Exact copy, no pictures: return only the lines below from the line with "Mariano Bertuchi - (1884-1955)" up to and including the line with "Am Montag, 06.11.2023, wurde".

Input material:
--

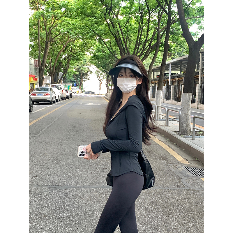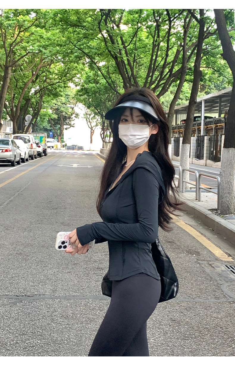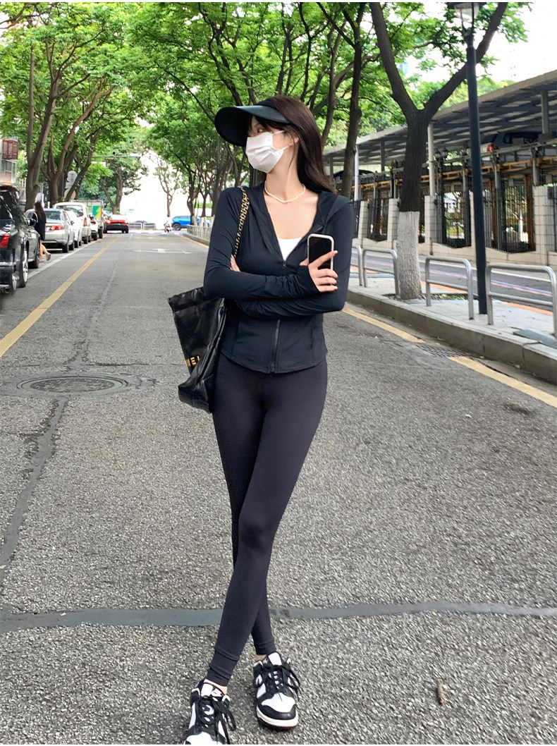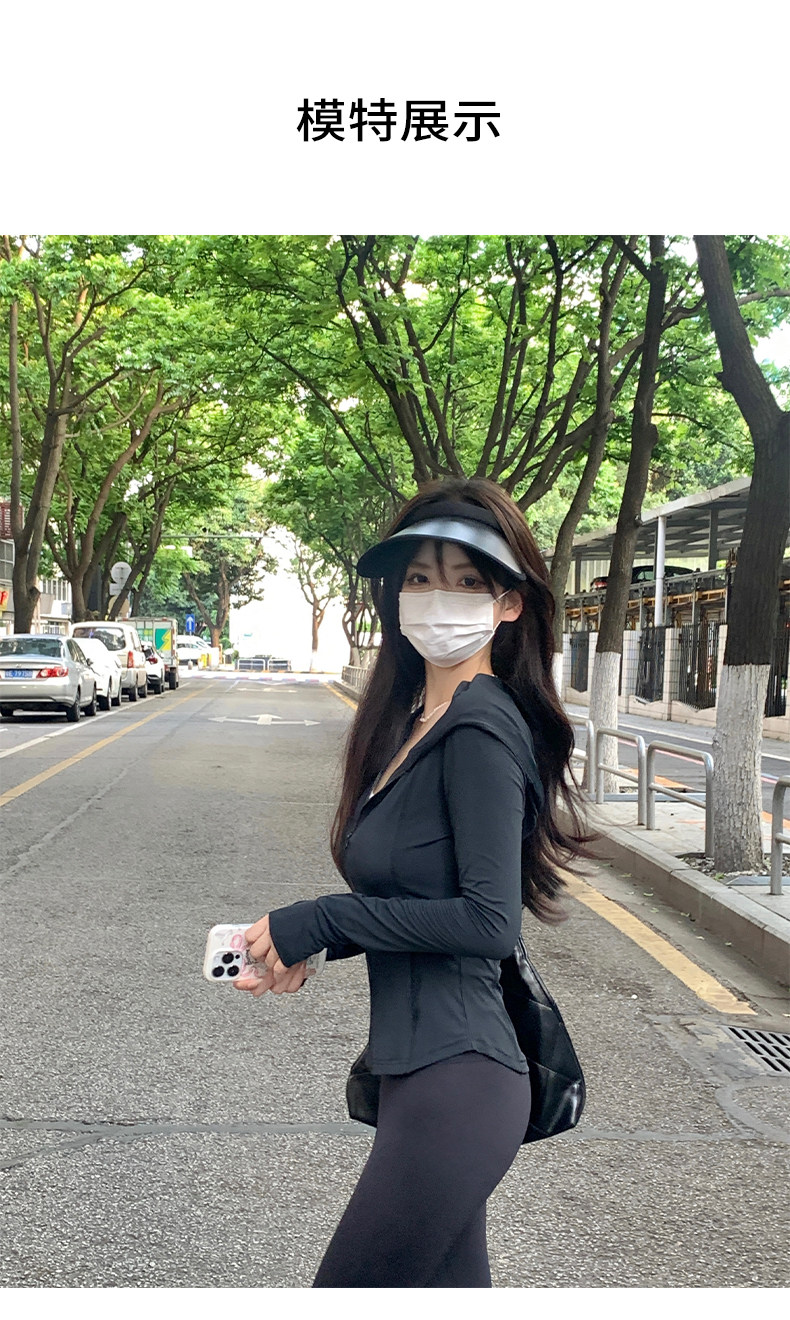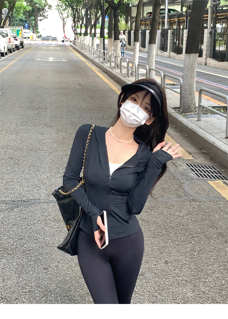 黑色防曬衣女夏冰絲緊身防曬服女款2023新款夏季修身瑜伽上衣套裝
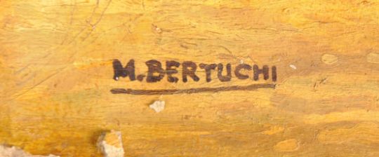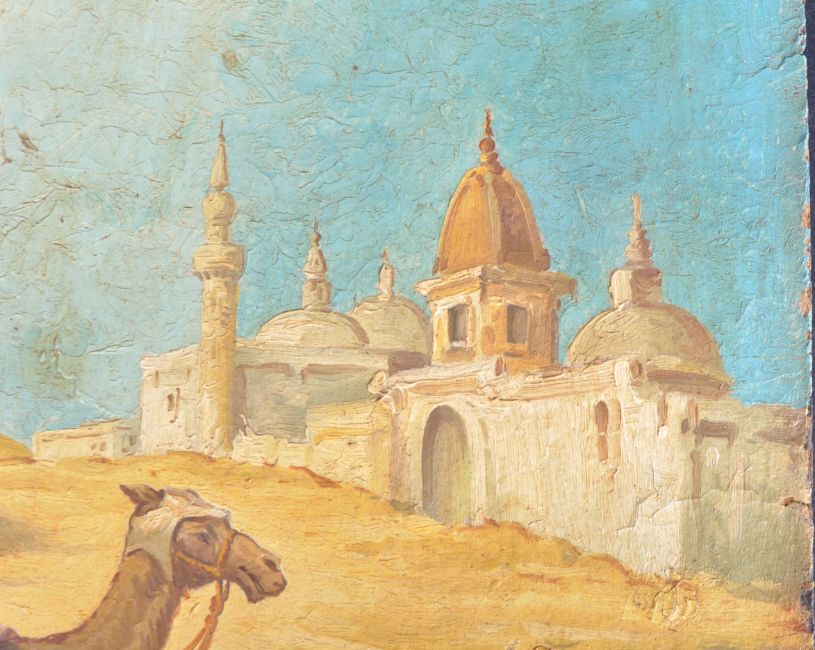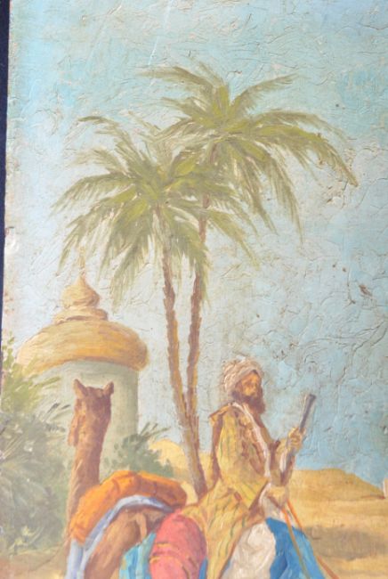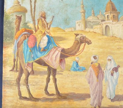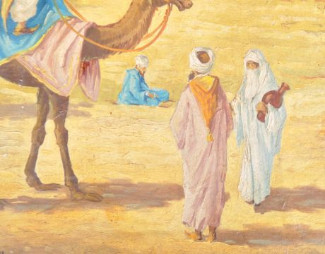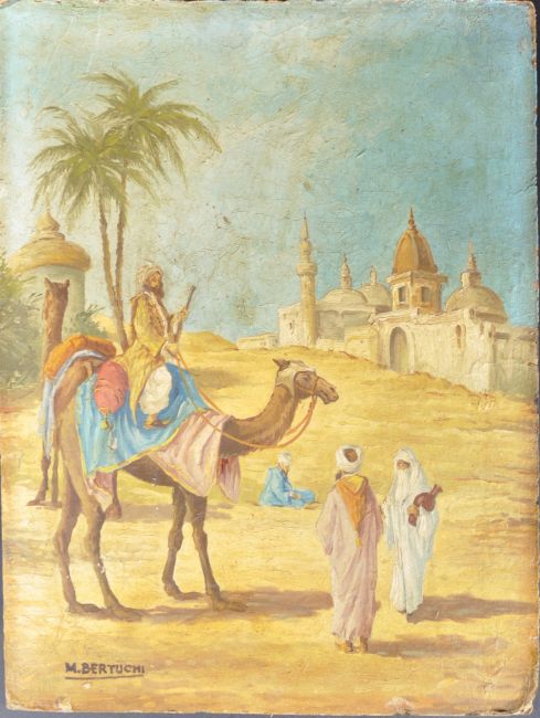 Mariano Bertuchi - (1884-1955) - An early 20th Century Spanish oil on board painting depicting a Moroccan scene with man on camel, women holding vase and other figures in desert with trees and buildings. Possibly a precursor to an early Travel poster. Measures approx; 32cm x 25cm. Some wear to board commensurate with age and being unframed. Signed M. Bertuchi.
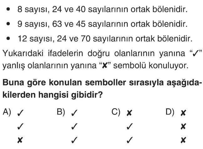 6. Sınıf Ortak Kat ve Ortak Bölen Test 3
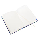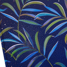 Notebook Tropical in size DIN A5 with art print cover with silver embossing and relief on the front. The whole notebook is kept in a blue hue. The book block is made with elaborate thread binding in the size 15 x 22 cm and has a bookmark.
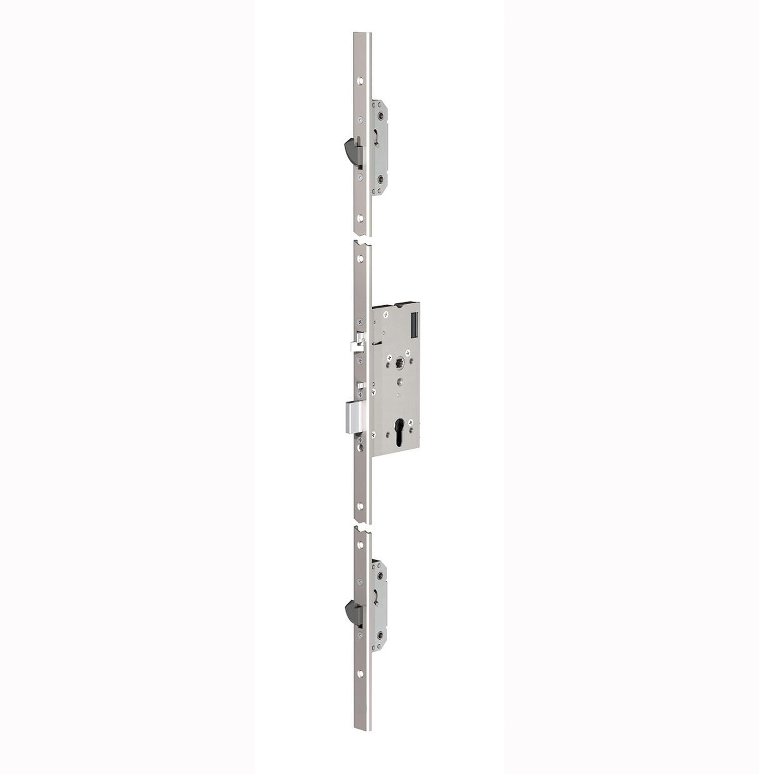 Замки с многоточечным запиранием включают главный моторный замок в середине, на базе ABLOY EL532 и два вспомогательных замка с ригелем крюком. У всех трёх замков одна передняя планка и управляются главным замком в середине.
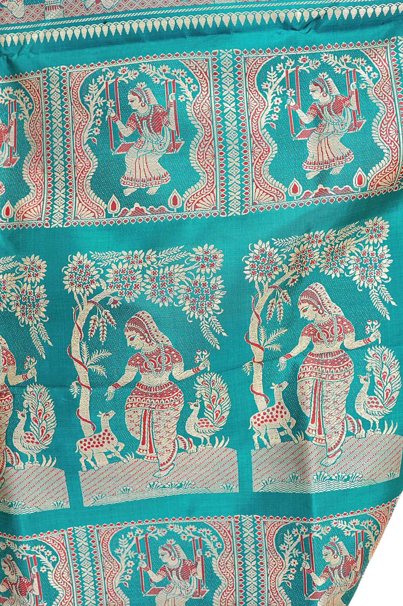 Bright Aqua-Green Baluchari Sari from Bengal with Hand Woven Dancing Apsaras on Aanchal
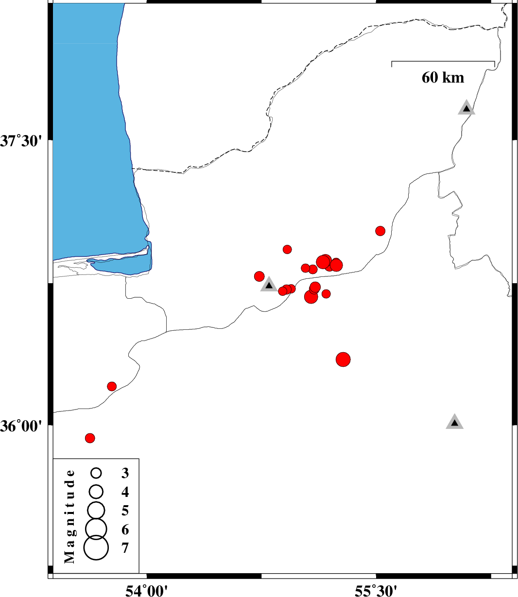 | 2015/08/29 | 07:52:36.9 | 12:22:36.9 | 36.719 | 55.094 | 6 | ML3 | Semnan Province, 33 km South of Ramian | ||
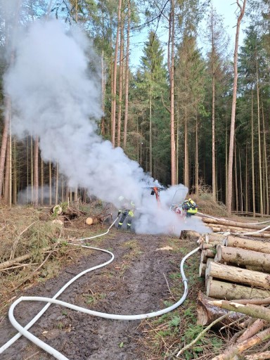 Am Montag, 06.11.2023, wurde die Feuerwehr Hollfeld um 14.49 Uhr zum Brand einer Forstmaschine im Wald bei Sachsendorf alarmiert. Da der genaue Schadensort nicht bekannt war, sammelten sich die anrückenden Feuerwehren am Feuerwehrhaus in Sachsendorf, um dann gemeinsam zum Brandort zu fahren. Am Einsatzort eingetroffen begann ein Trupp der Hollfelder Wehr unter schwerem Atemschutz mit der Brandbekämpfung. Die Wasserversorgung wurde durch die wasserführenden Fahrzeuge aus Hollfeld und Aufseß sichergestellt. Das Feuer konnte relativ schnell gelöscht werden. Die auf Anfahrt befindliche Feuerwehr Waischenfeld wurde nicht mehr benötigt. Der Einsatz war nach ca. einer Stunde beendet. Im Einsatz waren 11 Feuerwehrdienstleistende aus Hollfeld mit dem HLF 20/16 und dem Mehrzweckfahrzeug, sowie die Feuerwehren aus Sachsendorf, Neuhaus, Aufseß und Waischenfeld.
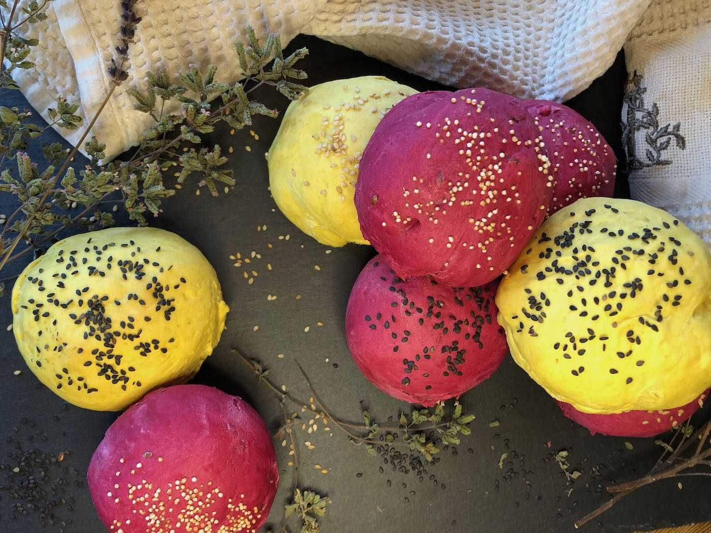 Die quietschbunten Einfärbungen kommen von entsprechend gefärbten Lebensmitteln, die einfach zum Teig dazugegeben werden. Hier haben wir für die rosa Brötchen einfach Rote Beete Saft als Flüssigkeit verwendet. Und für die gelben Brötchen kam ein kleines bisschen Kurkuma zum Einsatz.
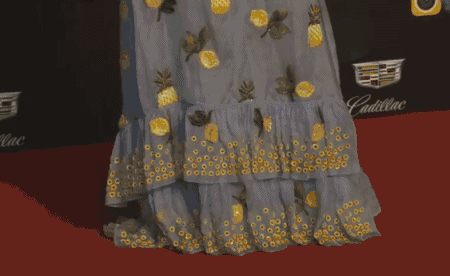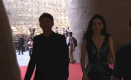 大幂幂也穿了一身Prada深V长裙,可能是领真的开得太低,走红毯的时候杨幂还一路护住胸口深怕走光
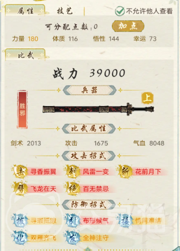 例如如果用剑法就着重提升剑术,若是用刀法,则全力钻研刀法,这一阶段的目标是将输出能力推向极限,使角色在战斗中能够爆发出更强的力量,特别是对于追求极致输出的玩家来说,全幸运加点配合太乙玄门剑的独特分阴阳效果,将成为初期最强的搭配,除了上述针对人物属性的加点策略外,功法加点同样不容忽视,尤其是剑术与内功之间的平衡把握。
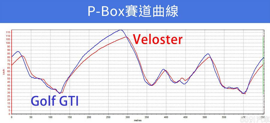 Veloster最後跑出42.5秒的單圈紀錄,雖然略慢Golf GTI的42.2秒,但將兩車P Box速度曲線疊在一起可以發現,Veloster彎中速度可不比Golf GTI遜色,甚至有略高於Golf GTI的情形,但礙於引擎排氣量、動力輸出都較小,使得出彎加速不如Golf GTI。
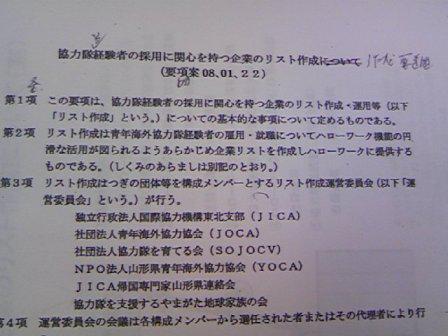 昨日は青年海外協力隊関連6団体が集まり「協力隊等経験者の採用に関心を持つ企業リスト作成」のための運営委員会が立ち上げられました。途上国での活動後に帰国し地元就職しようと考える人たちのサポートになるようなものをと山形労働局の担当者と相談しながら進めてきました。青年海外協力隊支援ということを切り口に「選択できる地域社会」を作っていこうという運動であるととらえています。
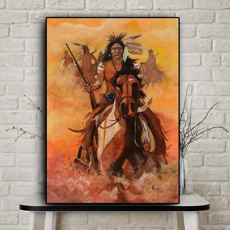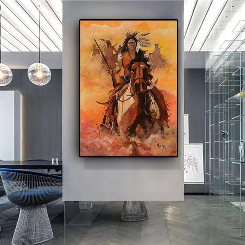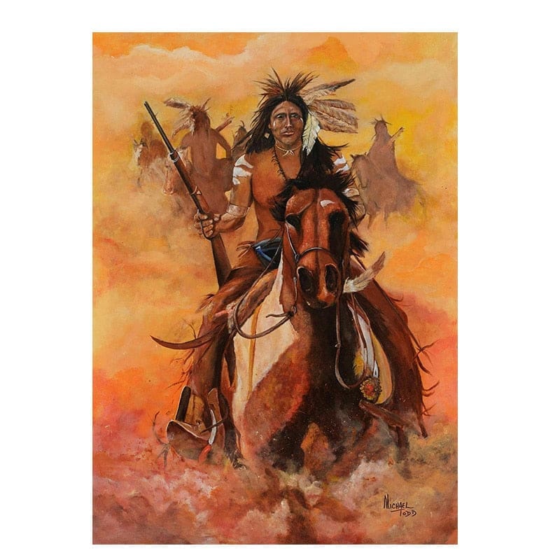 Découvrez l’œuvre captivante d’un Guerrier Indien fier sur son cheval, guidant sa Tribu Native dans la bravoure sur cette toile impressionnante
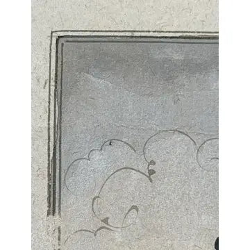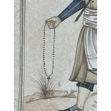 Experience the beauty of India with this hand-crafted Moghul miniature painting. Admire the intricate details and vibrant colors on vintage hand made paper, created by expert artists of the Indian school. This original painting depicts a man traveling by foot, carrying with a long necklace and surrounded by a delicate floral border.
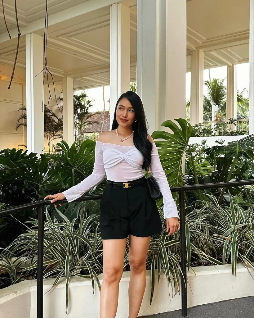 2. Off-the-Shoulder Blouse with Tailored Shorts
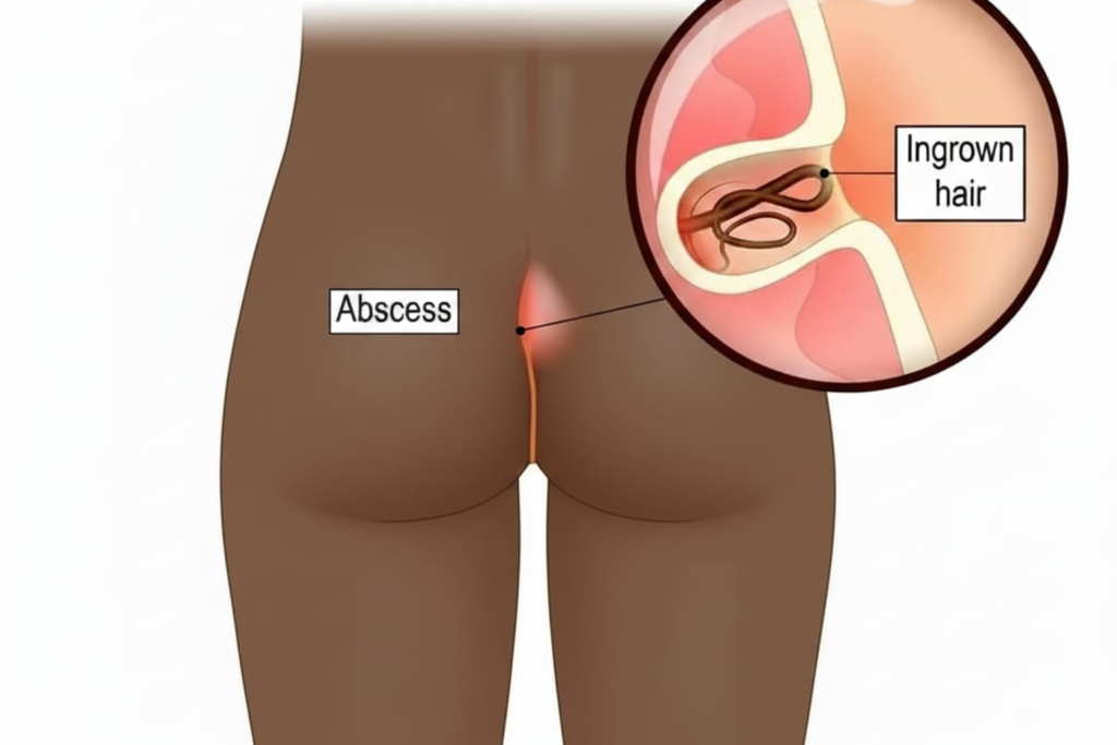 A Pilonidal Sinus (PNS) is a small tunnel or tract that develops under the skin at the top of the buttocks cleft (the sacrococcygeal area). Think of it as a stubborn, unwanted “pocket” that often becomes a hideout for hair, skin debris, and bacteria, leading to painful infections.
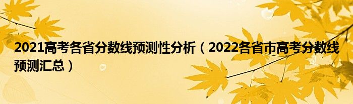 大家好,小高來為大家解答以上問題。2021高考各省分?jǐn)?shù)線預(yù)測性分析,2022各省市高考分?jǐn)?shù)線預(yù)測匯總很多人還不知道,現(xiàn)在讓我們一起來看看吧!

--

Solution:
 Mariano Bertuchi - (1884-1955) - An early 20th Century Spanish oil on board painting depicting a Moroccan scene with man on camel, women holding vase and other figures in desert with trees and buildings. Possibly a precursor to an early Travel poster. Measures approx; 32cm x 25cm. Some wear to board commensurate with age and being unframed. Signed M. Bertuchi.
 6. Sınıf Ortak Kat ve Ortak Bölen Test 3
 Notebook Tropical in size DIN A5 with art print cover with silver embossing and relief on the front. The whole notebook is kept in a blue hue. The book block is made with elaborate thread binding in the size 15 x 22 cm and has a bookmark.
 Замки с многоточечным запиранием включают главный моторный замок в середине, на базе ABLOY EL532 и два вспомогательных замка с ригелем крюком. У всех трёх замков одна передняя планка и управляются главным замком в середине.
 Bright Aqua-Green Baluchari Sari from Bengal with Hand Woven Dancing Apsaras on Aanchal
 | 2015/08/29 | 07:52:36.9 | 12:22:36.9 | 36.719 | 55.094 | 6 | ML3 | Semnan Province, 33 km South of Ramian | ||
 Am Montag, 06.11.2023, wurde die Feuerwehr Hollfeld um 14.49 Uhr zum Brand einer Forstmaschine im Wald bei Sachsendorf alarmiert. Da der genaue Schadensort nicht bekannt war, sammelten sich die anrückenden Feuerwehren am Feuerwehrhaus in Sachsendorf, um dann gemeinsam zum Brandort zu fahren. Am Einsatzort eingetroffen begann ein Trupp der Hollfelder Wehr unter schwerem Atemschutz mit der Brandbekämpfung. Die Wasserversorgung wurde durch die wasserführenden Fahrzeuge aus Hollfeld und Aufseß sichergestellt. Das Feuer konnte relativ schnell gelöscht werden. Die auf Anfahrt befindliche Feuerwehr Waischenfeld wurde nicht mehr benötigt. Der Einsatz war nach ca. einer Stunde beendet. Im Einsatz waren 11 Feuerwehrdienstleistende aus Hollfeld mit dem HLF 20/16 und dem Mehrzweckfahrzeug, sowie die Feuerwehren aus Sachsendorf, Neuhaus, Aufseß und Waischenfeld.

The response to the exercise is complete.